I'm planning to get an ANBO grapple, sapling puller, backhoe ripper and will be fabricating a movable dolly to store the backhoe. The space where I plan to store it is 35" wide yet I believe I have a solution. 

In the future, work & warning lights will be added and a 3-point hitch "carry-all" to carry tools around.


----------



## n194060

Do you have a cutter on your bucket?That will help if you don't.


----------



## monkeyboy

The upgraded bucket I purchased was because the dealer I purchased the tractor from welded his own buckets up. 25k or 26k is still 10k less than any of the big three tractor manufacturers. Your still getting more tractor.


----------



## monkeyboy

No cutter on the bucket. I want one any suggestions on a brand, price paid and can you take them off (easily)?


----------



## pblanton

Aquamoose said:


> I'm planning to get an ANBO grapple, sapling puller, backhoe ripper and will be fabricating a movable dolly to store the backhoe.


I love my 3520H. I bought a box blade from Colorado Tractor Attachments:

http://www.coloradotractorattachments.com/

and I saw lots of cool bucket attachments that they carry, but they carry them under another name, BucketSolutions:

http://www.bucketsolutions.com

I think they'll have everything you need and for pretty cheap. For instance, their three point post hole digger with a 9" or 12" auger is $438.

http://www.coloradotractorattachments.com/#!post-hole-digger/c9jm


----------



## n194060

Monkey boy. My cutter just goes on with carriage bolts. Prices vary depending on thickness and length. Mine is 1/2" by 72" by 3" wide. You can get them from 3/8 to 3/4 thick and whatever length you need. You can spend as little as $60-$300. Shop around in your area.


----------



## pblanton

n194060 said:


> Monkey boy. My cutter just goes on with carriage bolts. Prices vary depending on thickness and length. Mine is 1/2" by 72" by 3" wide. You can get them from 3/8 to 3/4 thick and whatever length you need. You can spend as little as $60-$300. Shop around in your area.

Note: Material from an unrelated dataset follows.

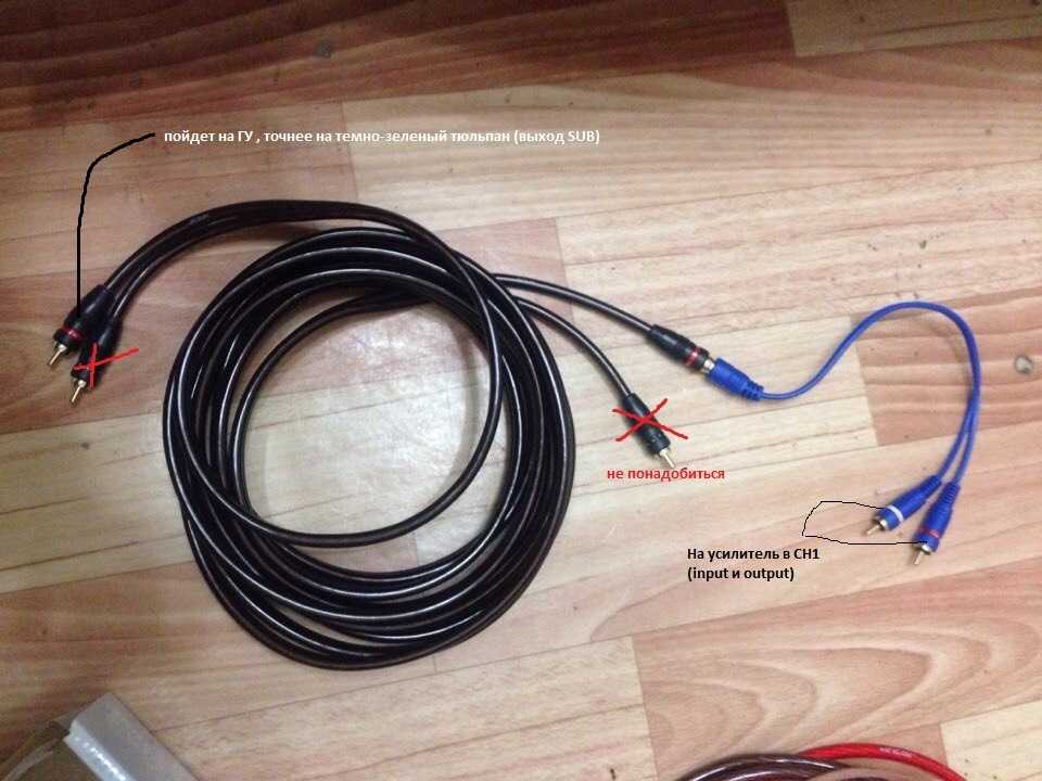 - Качество кабеля будет иметь значение, когда его длина довольно существенная (больше пяти метров, как в автомобиле) — тут гораздо лучше провод с хорошей экранировкой, дабы ваш сабвуфер не издавал заметного фонового гула, вызванного помехами в сети, которые «ловит» на себя плохо экранированный длинный кабель

When you say "Cutter" are you talking about a toothbar?

http://www.toothbar.net


----------



## monkeyboy

Yes a tooth bar. I have a 72 inch low profile bucket. I like yours that is easy on and off. 400 dollars is pretty steep just to dig dirt though.


----------



## n194060

Cutting edge or bucket cutter. Here is an example


----------



## n194060

You can bolt or weld on.


----------



## pblanton

n194060 said:


> You can bolt or weld on.


I like that. The bucket that came with my Branson 3520H has a a cutter bar like that welded on the front edge, it's just not as thick or as deep.


----------